Discrimination is ungodly; discrimination breeds distrust, it breeds hate, it breeds prejudice, it creates disunity. Discrimination has broken up families—yes, it has broken up homes. Discrimination has wrecked lives. Discrimination has perpetrated many injustices upon the human race, not only in the United States but all over the world.
It is important, therefore, that this Union of yours and mine should constantly dedicate itself to the provisions of this one task, to the elimination of all forms of discrimination. That is your job and that is my job.
Now I will put the motion, with your permission.
The motion to adopt the resolution as submitted by the committee was carried by unanimous vote.
Resolution No. 10
WHEREAS, (1) Discrimination against any individual or groups of people because of race, religion, or country of origin is an evil characteristic of our Fascist enemies. We of the Democracies are fighting Fascism at home and abroad by welding all races, all religions, and all peoples into a united body of workers for Democracy;
(2) Any discriminatory practices within our own ranks against any group directly aids the enemy by creating division, dissension and confusion. Such discrimination practiced in employment policies hampers production by depriving the nation of the use of available skills and manpower.
(3) We have already seen in this country in Los Angeles, Beaumont, Texas; Detroit and elsewhere the results of the effort of the fifth column in the United States as represented by Gerald L. K. Smith and the Ku Klux Klan who are doing the work of our Axis enemies to foment riots and insurrection, to stir up Anti-Semitism, thereby creating division and disruption to weaken our war effort, now therefore, be it
RESOLVED, (1) This convention reiterates its firm opposition to any form of racial or religious discrimination and renews its pledge to carry on the fight for protection, in law and in fact, of the rights of any racial and religious or minority group, to participate fully in our social and political life.
(2) This convention commends the work of the Fair Employment Practices Committee established by President Roosevelt under Executive Order, to eliminate practices of discrimination in industry, urges such committee to carry forward vigorously to effectuate this vital policy and urges Congress to enact appropriate legislation to place the committee and its work on a permanent basis with effective enforcement authority.
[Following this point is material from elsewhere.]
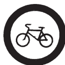
3.9 Движение на велосипедах запрещено

Шли из школы мы домой, Видим знак на мостовой: Круг, внутри велосипед, Ничего другого нет. Поразмыслил друг немного И сказал: «Ответ один – Знак гласит: ведет дорога Прямо в веломагазин».

(3) This convention calls upon President Roosevelt and the Department of Justice to take immediate steps to prosecute those individuals and groups within the nation, such as Gerald L. K. Smith, the Ku Klux Klan, and the seditionists, which deliberately seek to foment civil strife and discord by setting one race against another, whipping up hatred against minority groups and encourage discrimination. Any vestige of Nazism which rears its ugly head tc our glorious Democracy must be immediately and decisively eliminated.
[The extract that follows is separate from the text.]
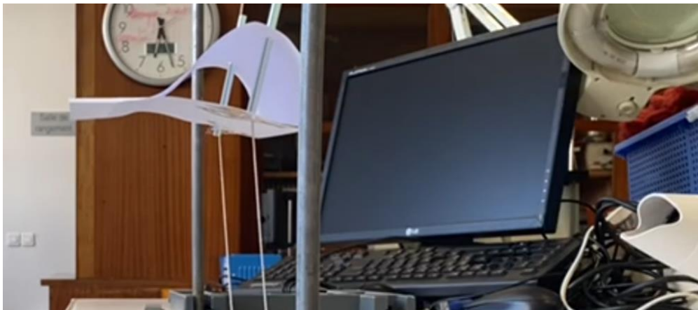
Observation de l'expérience

(4) This convention rededicates itself to continue with determination its efforts to eliminate completely the economic factors which are the fundamental causes of discrimination in its most vicious form.
Substitute for resolutions submitted by local unions 65, 1014, 1066, 1104, 1330, 2860, 3126.
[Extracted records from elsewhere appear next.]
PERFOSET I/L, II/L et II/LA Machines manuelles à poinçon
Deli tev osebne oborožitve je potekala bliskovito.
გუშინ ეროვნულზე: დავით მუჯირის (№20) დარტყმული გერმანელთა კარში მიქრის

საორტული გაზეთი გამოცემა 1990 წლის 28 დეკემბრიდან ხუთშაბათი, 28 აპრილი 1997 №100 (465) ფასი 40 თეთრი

Committee Secretary Millard moved the adoption of the resolution.
The motion was seconded.
Delegate Trallo, Local Union 2715: Mr. Chairman and fellow delegates: I was not going to speak on this subject because I thought the matter could best be handled by one of the colored delegates speaking for themselves, but something has occurred in our own delegation that I think should be brought to the attention of this convention. Personally, I think it is a serious problem, not only because it involves discrimination against one of the colored race, but because it involves discrimination against the rest of the delegation.
Upon arriving in this city Sunday evening, we of Local Union 2715, had in our delegation a colored man. We made reservation at a hotel, and after the hotel found out we had a colored man in our delegation, we were refused admittance to the hotel. You can well imagine the feeling of the rest of the delegation, after traveling all day long, arriving in Cleveland tired, dirty, wanted to wash up and rest a bit. We arrived in the city at 8:20. Finally, after a lot of bickering—incidentally we found other quarters for our delegates—we finally got our rooms at about ten-thirty or quarter to eleven.
You can well imagine that this delegation is pretty sore. I wonder what Abraham Lincoln would think. I wonder, if Abraham Lincoln was here today and he could see the discrimination that is practiced against the colored people—well, I would hate to think what he would say. If he knew what was going on today he would turn over in his grave.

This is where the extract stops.